+++ MATERIAL SHOWN

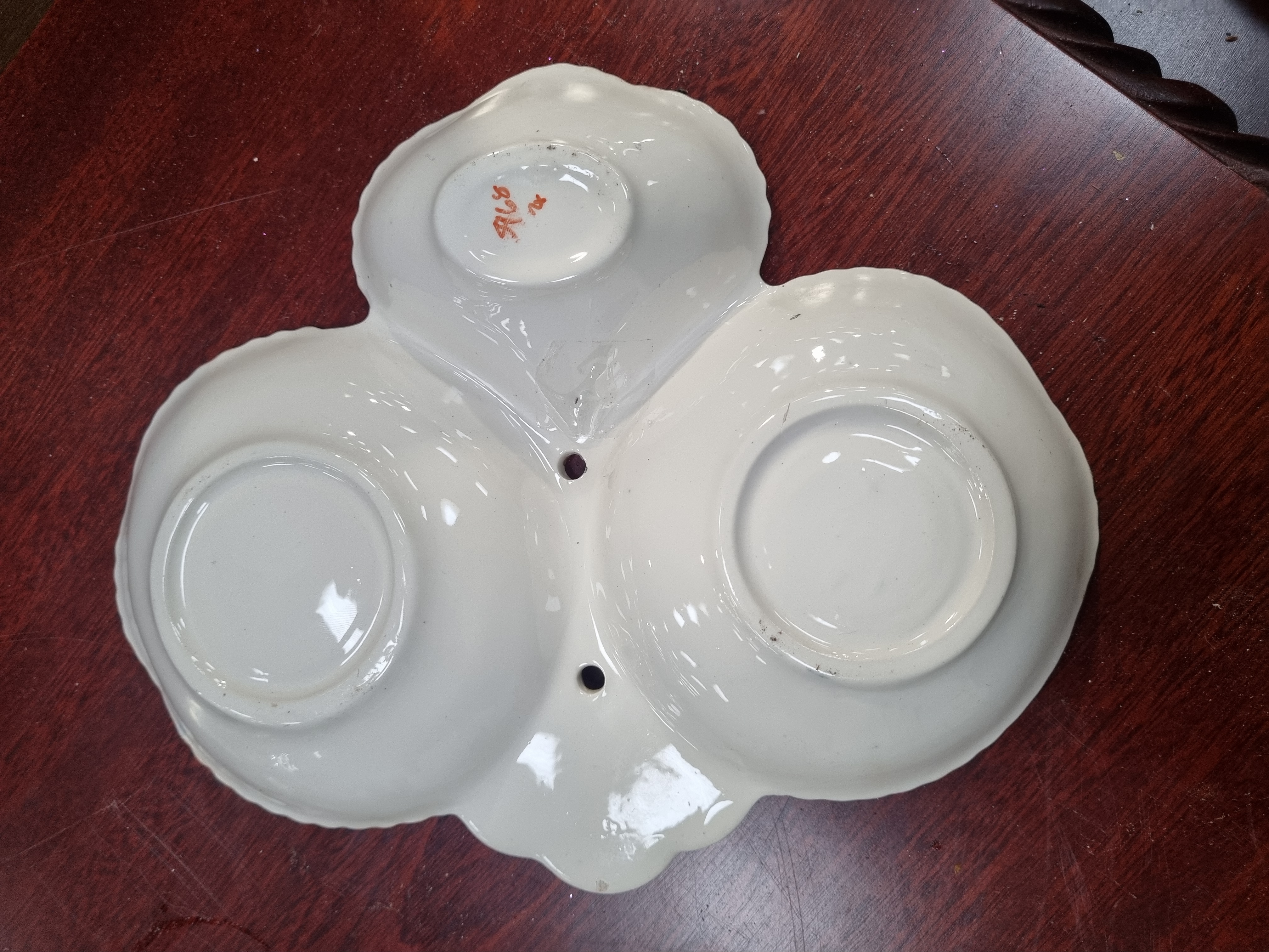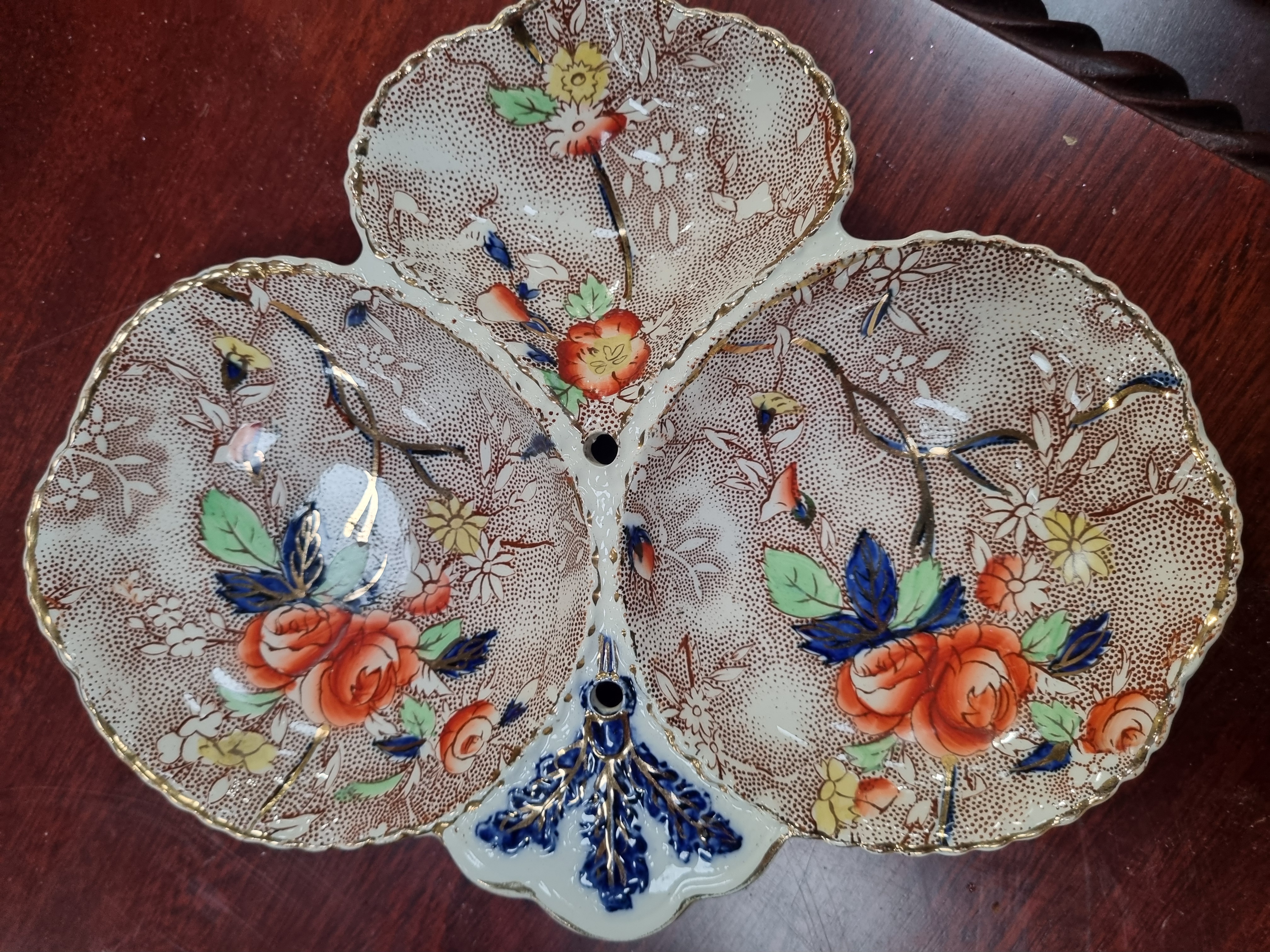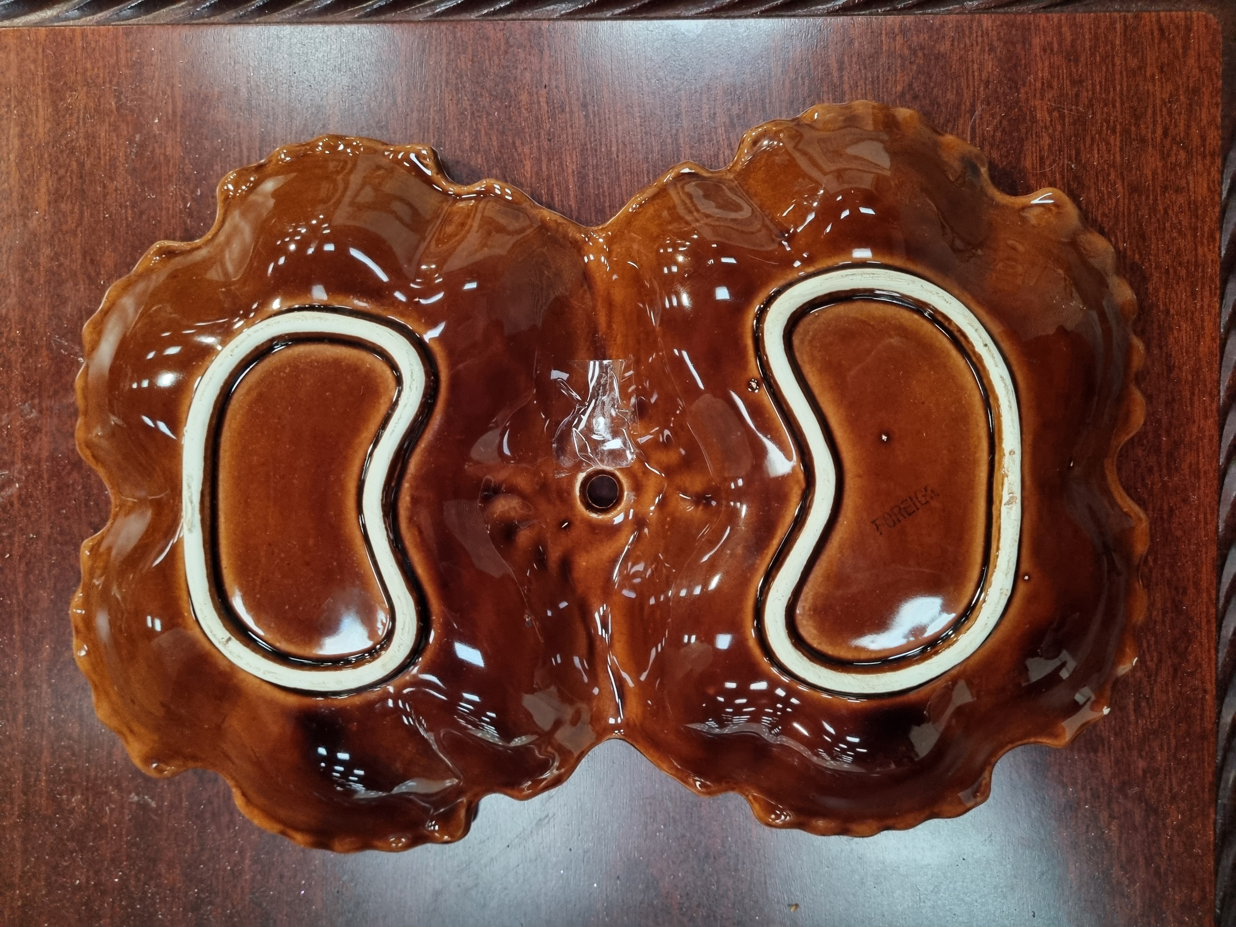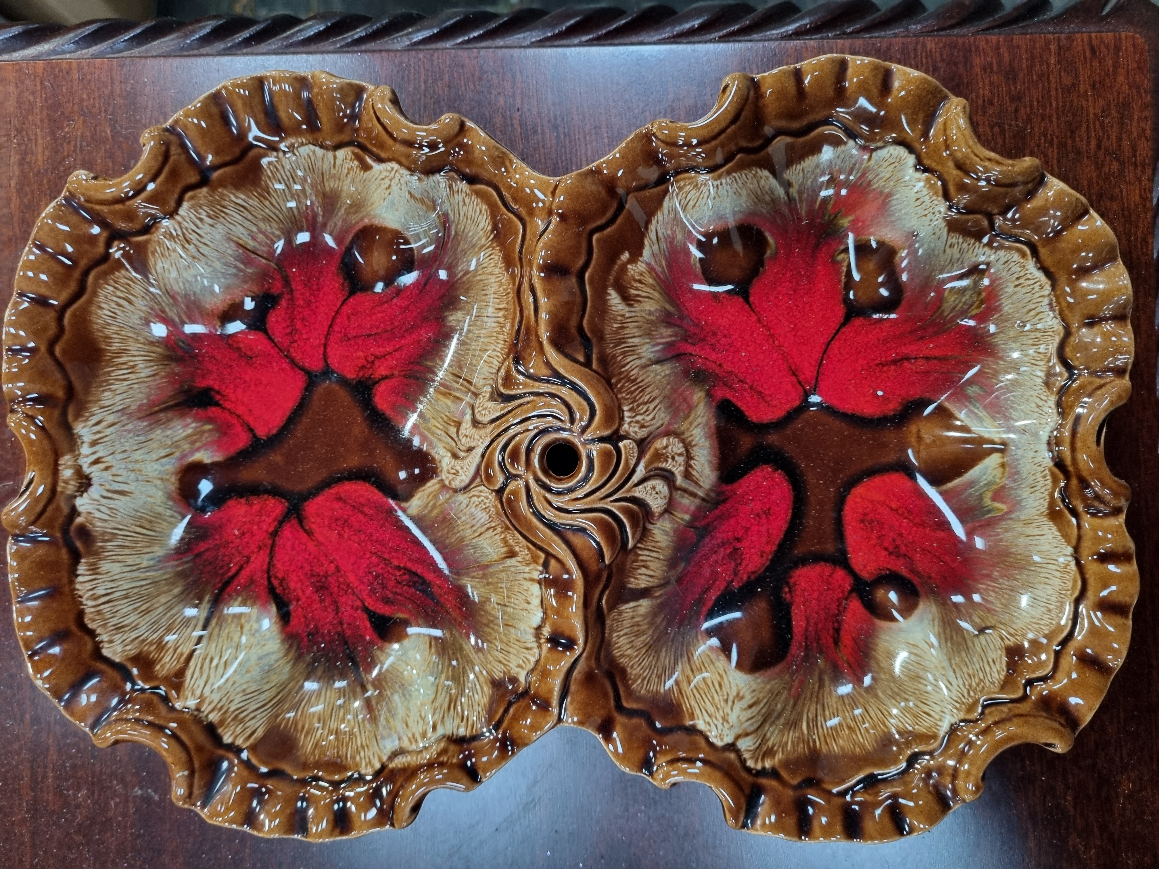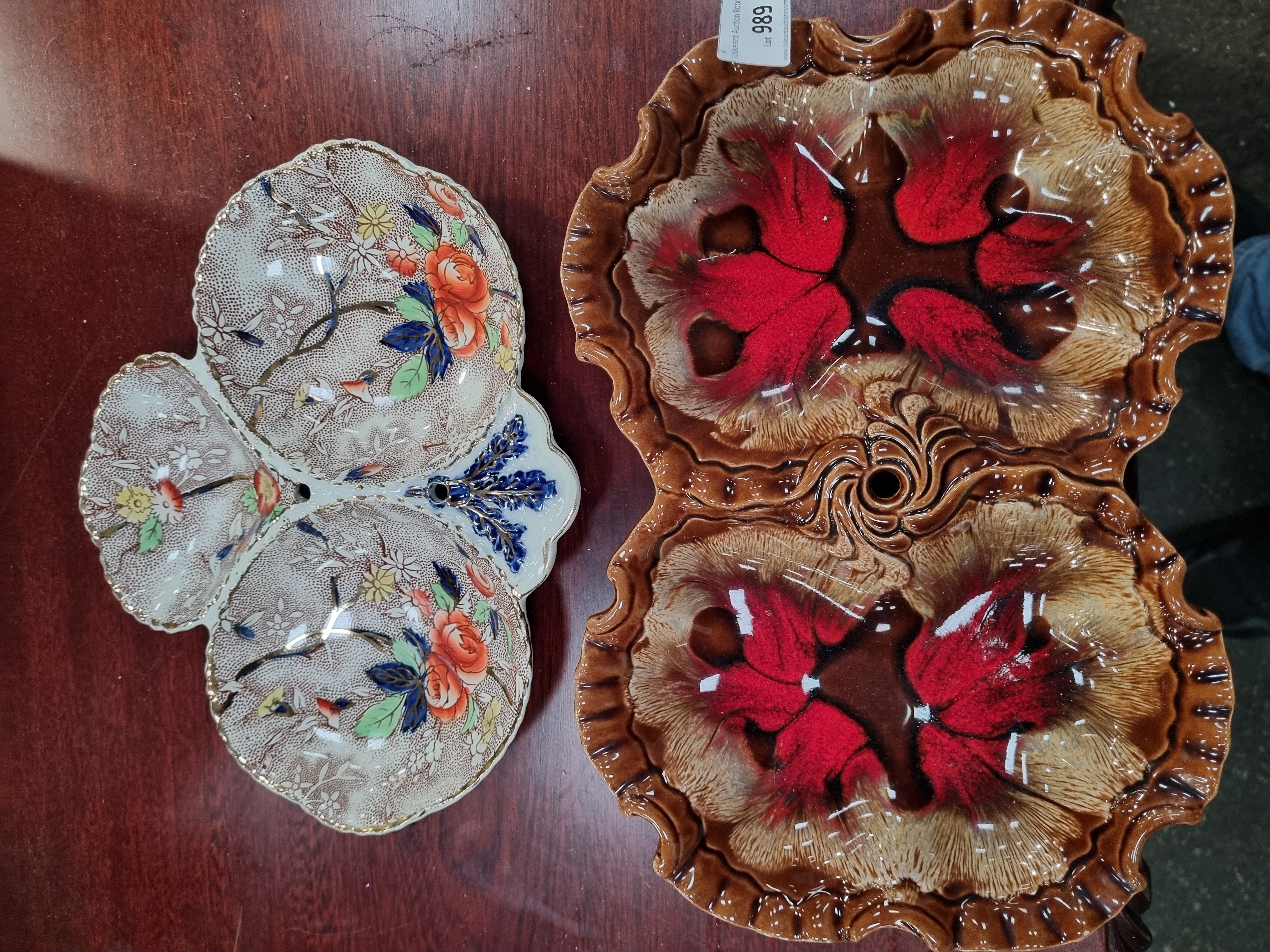 This lot comprises two distinct multi-compartment ceramic dishes. The first is a triple-lobed porcelain dish featuring a scalloped rim with gilt edging. It is decorated with hand-painted sprays of orange roses and yellow blossoms among cobalt blue and green foliage, set against a dense brown stippled ground. A relief-moulded foliate element at the base of one lobe is finished in blue and gold. The base is marked with the hand-painted characters 469/x in red. The second is a double-lobed earthenware dish with a deeply ruffled rim. It features a high-gloss drip glaze with abstract red motifs over a chocolate brown and ochre ground. The base is impressed with the mark FOREIGN. Both dishes feature central apertures designed to accommodate a carrying handle.
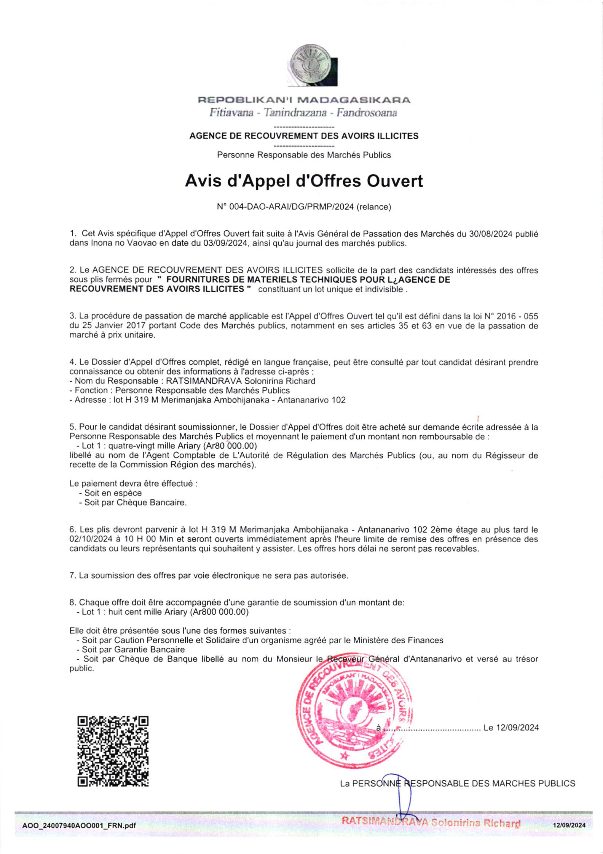 Les plis devront parvenir au Lot H 319 Merimanjaka Ambohijanaka Antananarivo 102, Bureau ARAI 2ème étage au plus tard le 02 octobre 2024 à 10 heures et seront ouverts immédiatement après l'heure limite de remise des offres en présence des candidats ou leurs représentants qui souhaitent y assister.
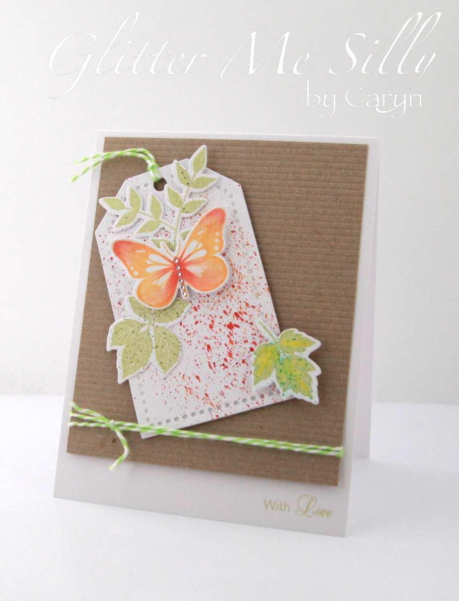 The jury’s out on this one for me. I’m not really a splatterer (?) but whilst I was trying out my new Inktense pencils I had a wee accident which resulted in my tag getting splattered!! I love that you can do that with them but it wasn’t exactly where I was headed, lol!! Anyhoo, I thought I’d just go with it but now that I look at it again I can’t help wondering if it looks like the butterfly has suffered some sort of haemorrhage!!! Oh well, you win some you lose some, lol!
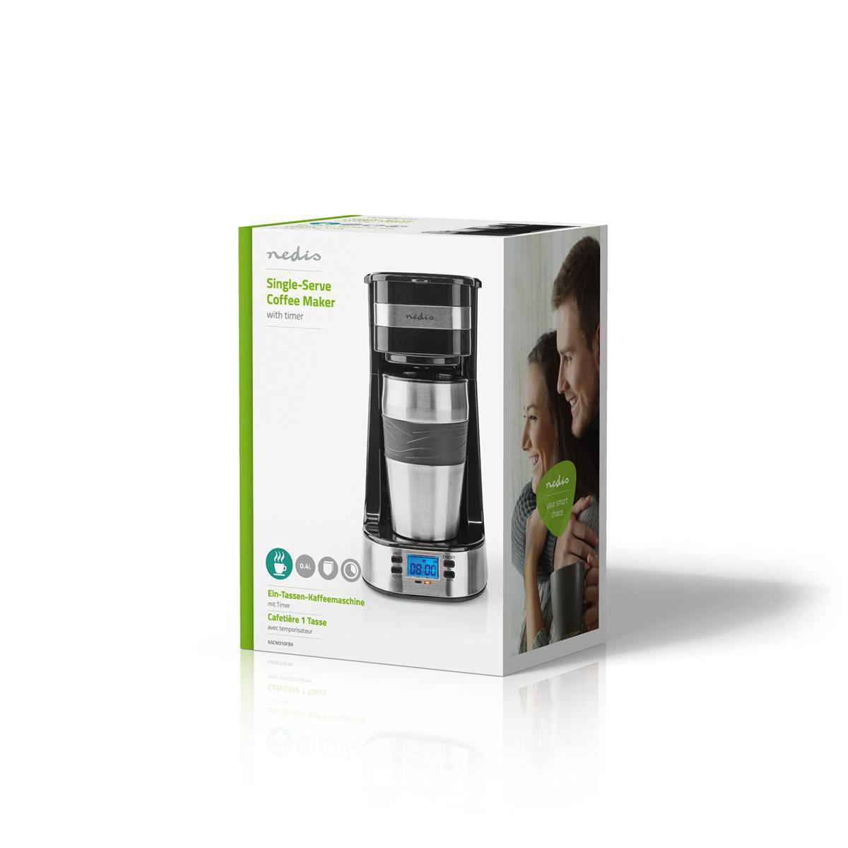 This Nedis single-serve coffee maker fits tight morning schedules just perfect.
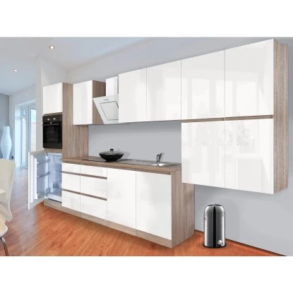Respekta Küchenzeile GLRP370HESW Grifflos 370 Cm Weiß Hochglanz-Sonoma Eiche
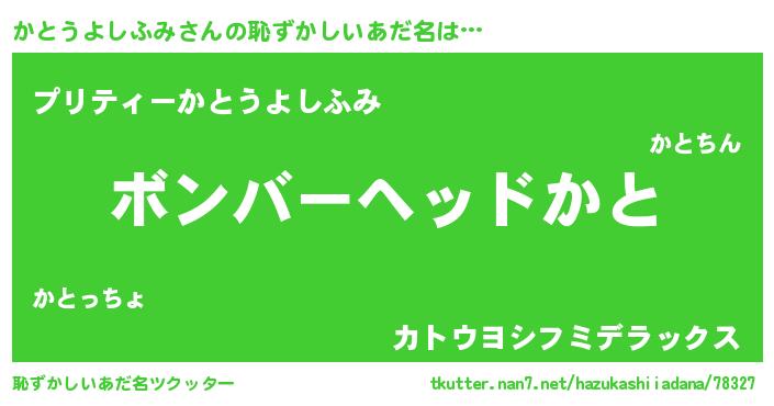 | ヘコむあだ名 | 『かとにゅー』『かとうよしふみ(爆)』 |

++++++

▶ _WORK TO BE COMPLETED_
Leave out every picture, and write out exactly the lines from the one with "This Nedis single-serve" through the end of the records above, both ends included.

▶ _RESPONSE FOR THIS EXERCISE_
 This Nedis single-serve coffee maker fits tight morning schedules just perfect.
Respekta Küchenzeile GLRP370HESW Grifflos 370 Cm Weiß Hochglanz-Sonoma Eiche
 | ヘコむあだ名 | 『かとにゅー』『かとうよしふみ(爆)』 |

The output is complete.